• [MATERIAL FOR THIS EXERCISE]:
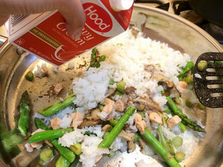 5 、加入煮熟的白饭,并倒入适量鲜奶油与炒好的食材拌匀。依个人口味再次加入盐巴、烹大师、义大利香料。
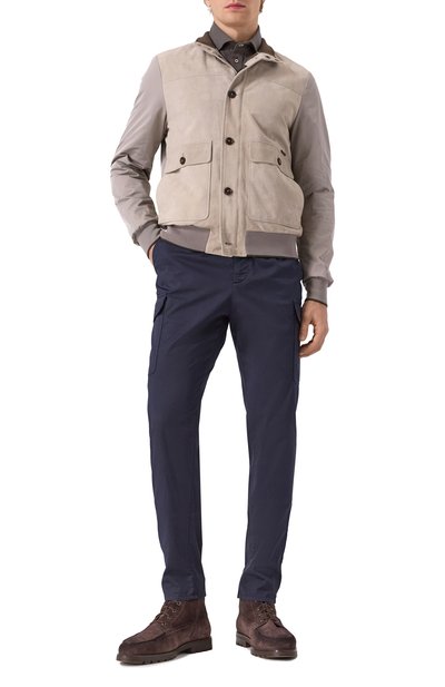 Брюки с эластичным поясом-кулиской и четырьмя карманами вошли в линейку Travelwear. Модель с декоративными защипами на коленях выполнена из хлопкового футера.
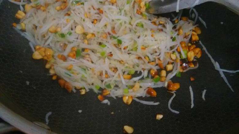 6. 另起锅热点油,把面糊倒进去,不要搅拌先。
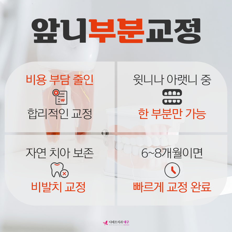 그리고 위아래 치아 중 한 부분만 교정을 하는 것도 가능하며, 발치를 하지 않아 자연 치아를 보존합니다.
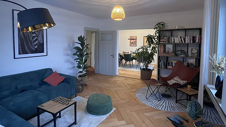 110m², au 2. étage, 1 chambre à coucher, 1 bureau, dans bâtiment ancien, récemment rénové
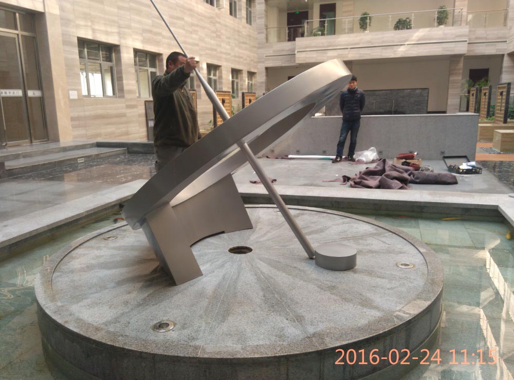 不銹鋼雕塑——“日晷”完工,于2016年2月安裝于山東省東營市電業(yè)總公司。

• [YOUR GOAL]:
Each line from the one containing "그리고 위아래 치아 중" through the last line of the listing must be copied exactly, and the pictures must not be.

• [SOLUTION TO THIS EXERCISE]:
 그리고 위아래 치아 중 한 부분만 교정을 하는 것도 가능하며, 발치를 하지 않아 자연 치아를 보존합니다.
 110m², au 2. étage, 1 chambre à coucher, 1 bureau, dans bâtiment ancien, récemment rénové
 不銹鋼雕塑——“日晷”完工,于2016年2月安裝于山東省東營市電業(yè)總公司。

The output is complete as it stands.